Самостоятельность этой потребности объясняет загадочность тех фактов, когда животное многократно повторяет какое-либо действие, длительное время не получая подкрепления. Например, клевательные движения цыпленка становятся все более точными, хотя он и не получает подкрепления пищей. Австралийский орел учится разбивать яйца страуса бросанием камня. Поскольку это удается не сразу, пищевого подкрепления длительное время нет. Тем не менее попытки попасть камнем в яйцо продолжаются. Существование потребности в вооруженности делает подкреплением само совершенствование вырабатываемого навыка, удовлетворяя павловский «рефлекс цели».
^

Подражание и игра


Одной из трансформаций потребности в вооруженности предстает подражательное поведение. Оно обеспечивает передачу опыта между сменяющими друг друга поколениями и лежит в основе феномена, который М. Е. Лобашов назвал в 1967 г. сигнальной (не генетической) наследственностью. Путем подражания молодые животные овладевают массой необходимых им навыков, например способностью пастись у копытных. В лабораторных экспериментах цыплятам в возрасте от 5 до 24 ч. демонстрировали механическую стрелку, «клюющую» кнопку определенного цвета. Эта процедура вела к предпочтению данного цвета даже после удаления стрелки из экспериментальной камеры.

Эффективность имитируемого воздействия чрезвычайно зависит от возраста, от периодов повышенной чувствительности к такого рода воздействиям. Взрослые антропоиды, не обученные в свое время сооружению гнезда, теряют способность к обучению, как бы долго они ни наблюдали действия других особей. Естественно, что имитационное обучение хорошо выражено у животных, ведущих групповой образ жизни (например, крыс), и слабо выражено у одиночно живущих хомяков. При этом очень важен ранг животного, чье поведение служит образцом для подражания. Сигналы опасности, исходящие от птицы высокого ранга, эффективнее сигналов молодой птицы. Шимпанзе копирует поведение только особей высокого ранга. Для того чтобы обучить всю группу, достаточно обучить лидера. Правда, это правило не подтвердилось в опытах на макаках, где успех обучения больше зависел от степени знакомства обезьян с «демонстратором», чем от его ранга. Полагают, что вожак просто лучше заметен в толпе сородичей благодаря его активности и росту. Имитируя действия взрослых, молодые животные усваивают нормы зоосоциального поведения, характерные для данного вида. Всякое нарушение норм вызывает резкую агрессивную реакцию со стороны других, прежде всего высокоранговых, членов группы. Как правило, упорствующий «нарушитель» норм изгоняется из группы.

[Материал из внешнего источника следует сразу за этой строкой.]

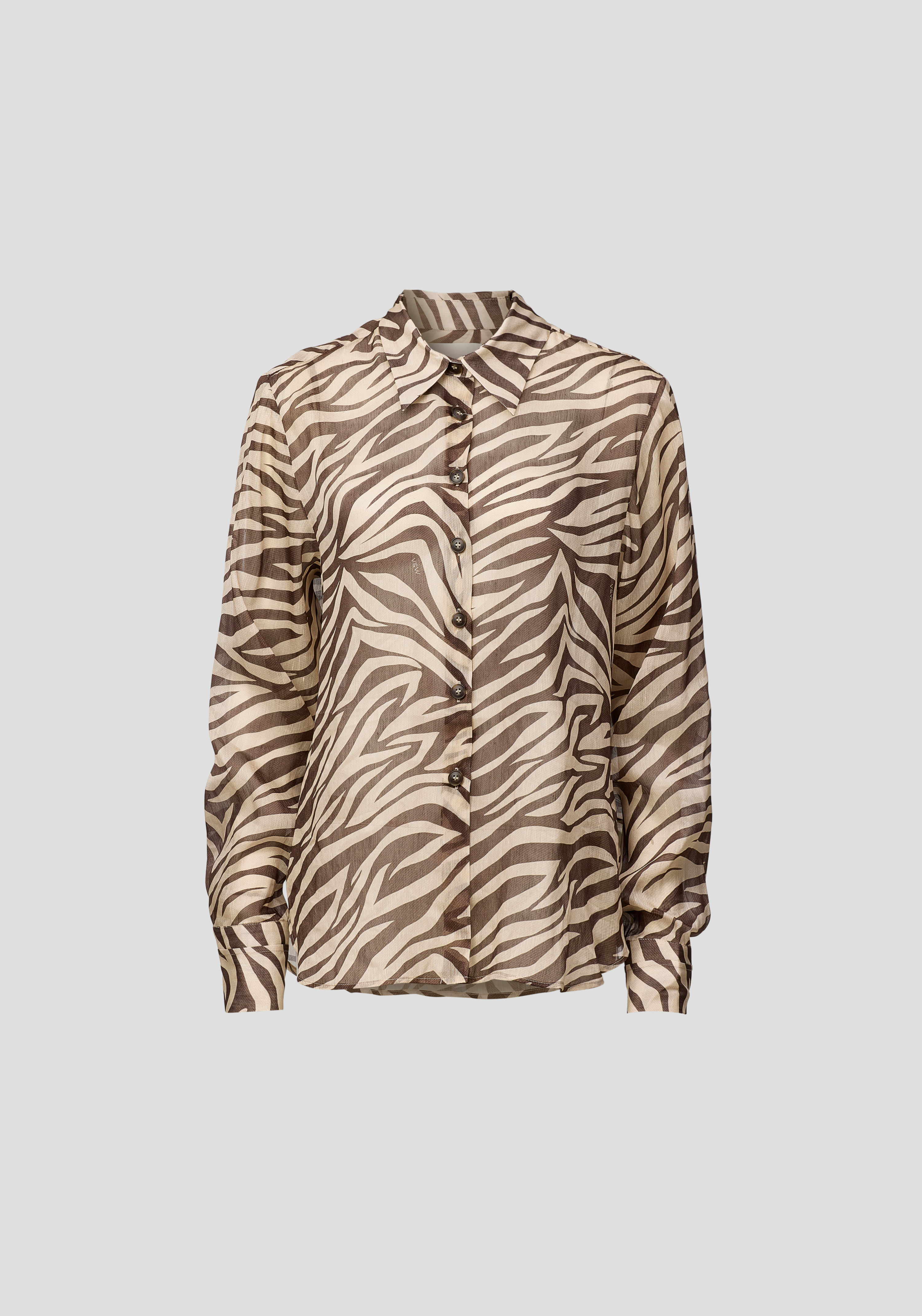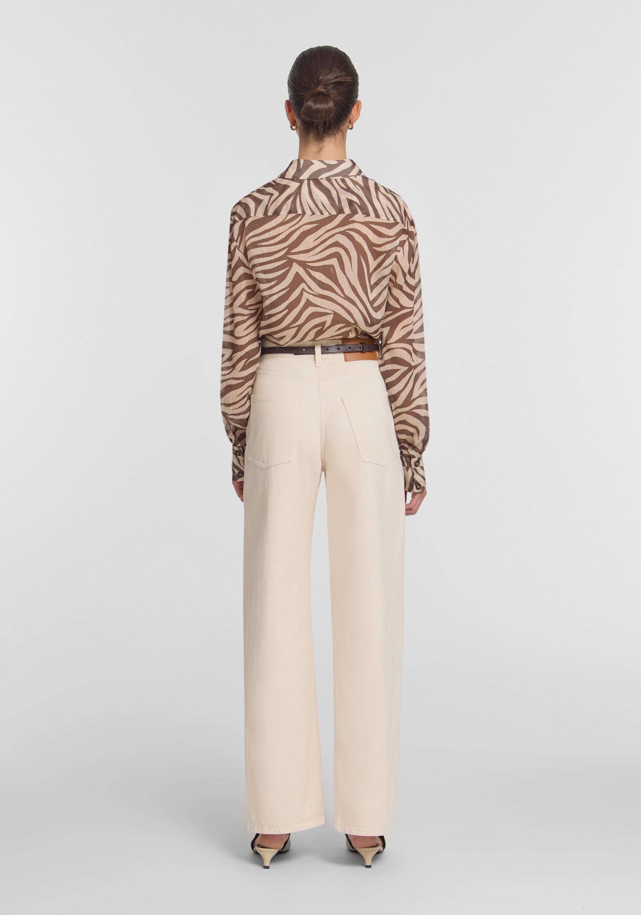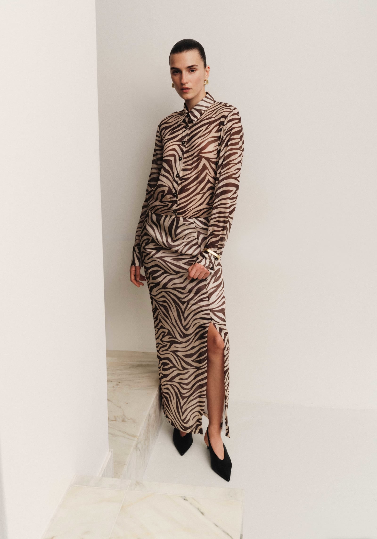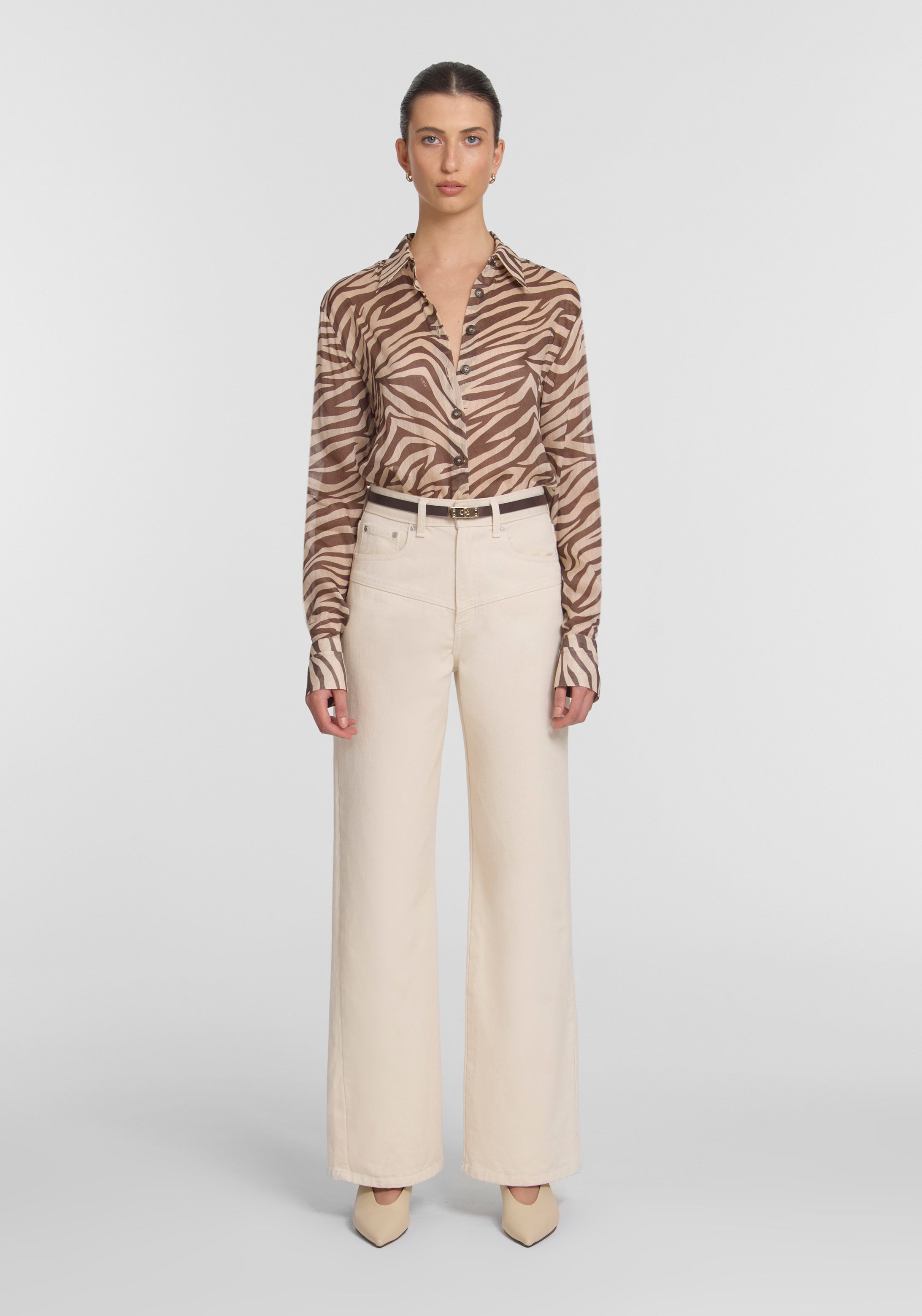 The Irresistible Shirt, crafted from a luxurious linen-silk blend in zebra print, makes a soft statement, showcasing the delicate interplay between print and sheer textile. With traditional shirt detailing, it features an optional modern wrap detail secured with a side seam button. Pair with the Aurelia Skirt for an event ready set or style back with the Kravitz Jean for effortless everyday dressing.

Имитационное поведение, статистически целесообразное и потому закрепленное естественным отбором, имеет свои негативные стороны в виде таких явлений, как массовая паника. Мотивация следования за лидером у крыс при выборе дверцы в лабиринте оказывается сильнее, чем собственный опыт выбора. В результате крысы без лидера находят правильную дверь в 66% случаев, а крысы с лидером, выбирающим противоположную дверь, – только в 40%. На всем протяжении эволюции индивидуально приобретаемый опыт постоянно конкурирует с имитационным поведением вплоть до человека, где подражательное усвоение стереотипов поведения и нравственных норм представляет прямой путь к сфере подсознания, в значительной мере ускользающий от контроля логического мышления, от критической оценки воспроизводимых действий.

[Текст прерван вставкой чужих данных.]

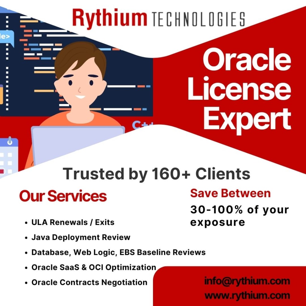 Rythium specializes in Oracle ULA certification, license audit support, and optimization. Serving clients across India, the Middle East, Africa, and beyond, we help reduce license exposure by up to 100%.
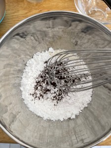 - Dans un saladier, mélangez la farine, le sucre glace, la noix de coco, la vanille et la pincée de sel.
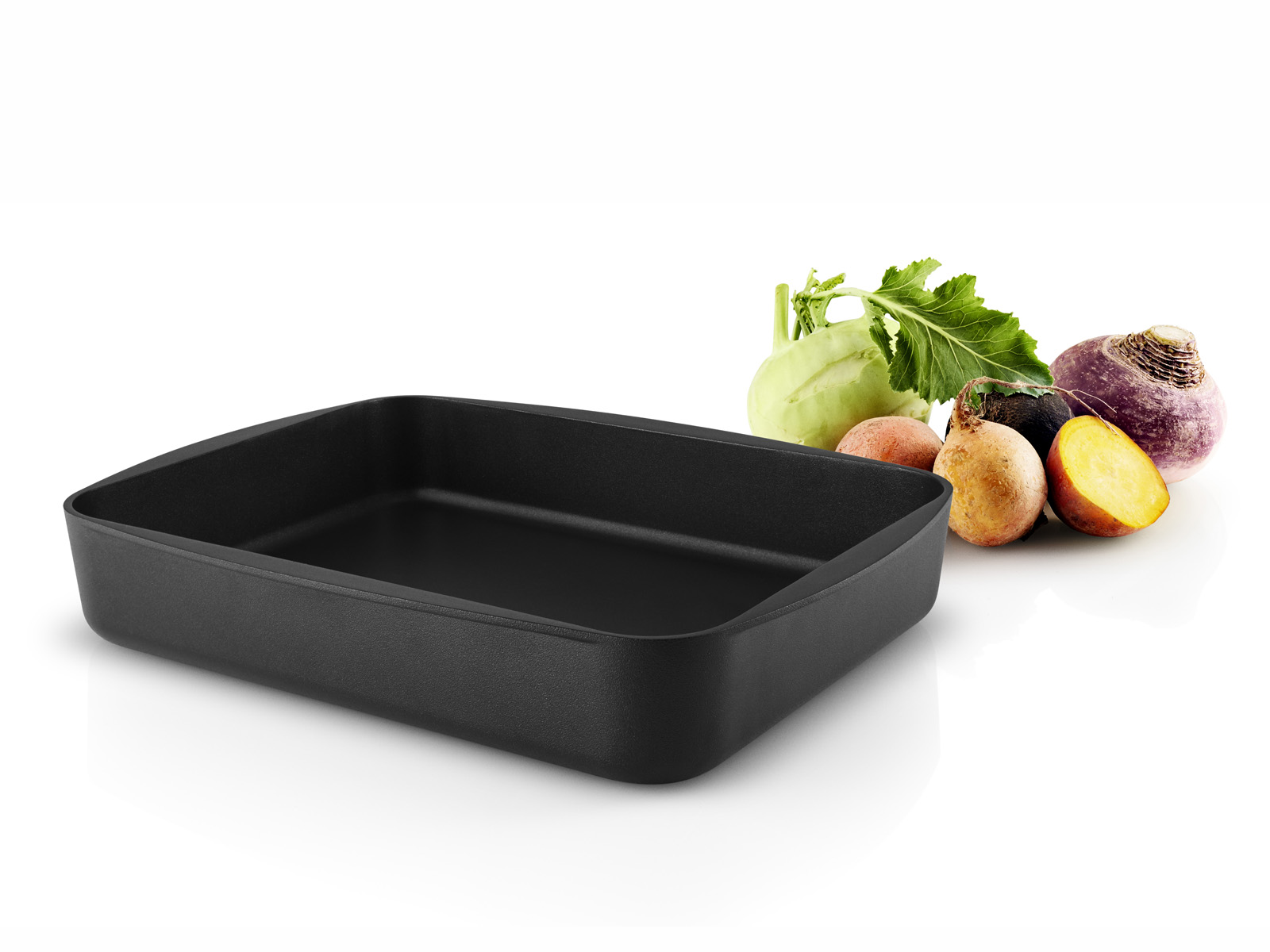 Elegancka praktyczna prostokątna brytfanka z odlewu aluminiowego z wewnętrzną nieprzywierającą powłoką Slip-Let®.

Второй разновидностью удовлетворения потребности в вооруженности навыками, которые понадобятся лишь в дальнейшем, является игра. Хотя в игре также присутствуют элементы подражания, она во многом способствует развитию личной инициативы молодой особи, тем собственным находкам и оригинальным решениям, которые можно рассматривать как отдаленные филогенетические предпосылки творческой деятельности. В самом доле, ведь в игровой борьбе со сверстниками можно рассчитывать па успех только за счет оригинальности своих «ходов», а не путем слепого повторения действий противника. Обилие пробных действий и неожиданных ассоциаций дает основание аналогизировать игру с изменчивостью генетического материала, подлежащего естественному отбору.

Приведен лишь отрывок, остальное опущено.